Dear André,
there is a lot to unpack in your essay. I think your main question, however, is a simple one: when is it reasonable to believe something? This seems a straightforward question, but, as so very often, there are many subtleties that confound finding a straightforward answer.
You start out by noting that, contrary to mathematics, physical theory always includes an issue of vagueness: initial conditions are contingent facts about the world that can only be imperfectly known, thus making all of our predictions---and hence, beliefs---essentially probabilistic.
Furthermore, the very means we use to interrogate the world to check our predictions turn out to be, themselves, dependent on yet further assumptions, theories, and contingencies---a point sometimes framed as the 'theory-ladenness of data'. We do not simply observe the world; our means of observation themselves contain nontrivial assumptions that are usually ignored.
On top of that, what we do end up believing ends up defining who we are---making any attack on our beliefs, whether by argument or by unwelcome fact, an attack on our very self-image, against which, we must defend ourselves.
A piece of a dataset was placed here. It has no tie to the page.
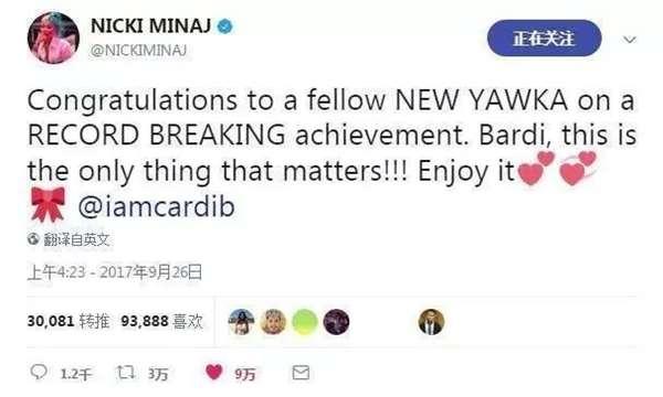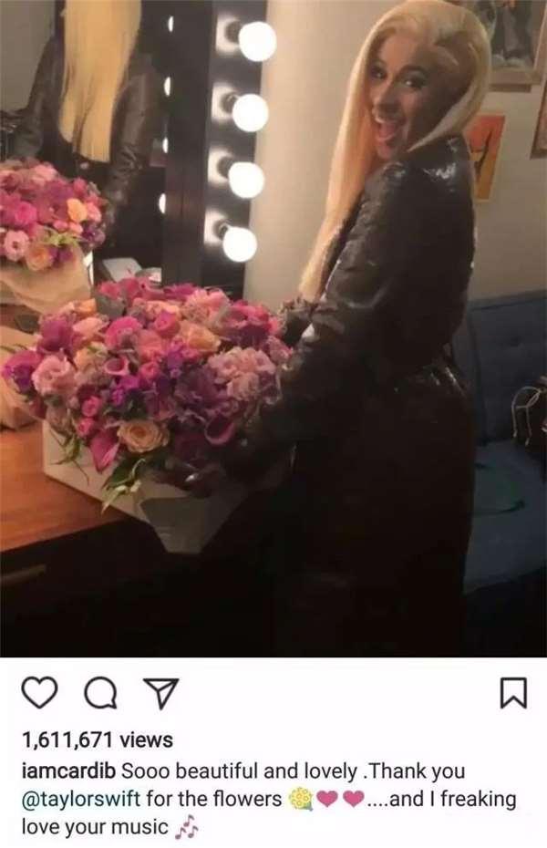 登頂之後,許多藝人都為Cardi B的成就感到高興,紛紛送上了祝福,其中包括饒舌天后妮姬米娜,還有剛剛被擠下去的泰勒絲。

Hence, we close ourselves against that which does not already fit our beliefs.
Human reasoning is not a truth-finding engine, but rather, a means of social cohesion---I was happy to see 'The Enigma of Reason' in your references, which, I think, defends a very sensible thesis regarding human cognition.
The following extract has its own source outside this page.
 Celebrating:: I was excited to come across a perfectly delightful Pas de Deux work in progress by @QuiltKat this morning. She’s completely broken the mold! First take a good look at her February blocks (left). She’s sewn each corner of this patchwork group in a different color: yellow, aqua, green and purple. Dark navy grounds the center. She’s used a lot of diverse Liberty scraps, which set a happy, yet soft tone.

You also note the uncomputability of methods of inference. I wonder if you're familiar with Solomonoff's work on universal priors---essentially, it amounts to formalizing Occam's razor as preferring the most simple program, in the sense of algorithmic complexity, capable of reproducing a given set of data. It is possible to formulate a theory of inductive inference ('Solomonoff induction') on this basis---which naturally ends up being uncomputable, due to the uncomputability of Kolmogorov complexity.
Markus Hutter has proposed an artificial intelligence framework, the AIXI agent, based on this, and could show that it asymptotically solves every unknown problem in the same time (in the sense of time complexity) as a special-purpose problem solver. There is much interesting work on trying to find computable approximations to AIXI.
I agree regarding your remarks on the interpretation of quantum mechanics---there is simply too vast a space of possibilities, and too little constraint from data. However, I do believe that going in the other direction---that is, trying to reconstruct quantum mechanics from suitable fundamental assumptions, rather than trying to reconstruct the underlying ontology starting with the quantum formalism---to be possibly more fruitful. If you think that's interesting, perhaps you might want to have a look at my essay.
Cheers
Jochen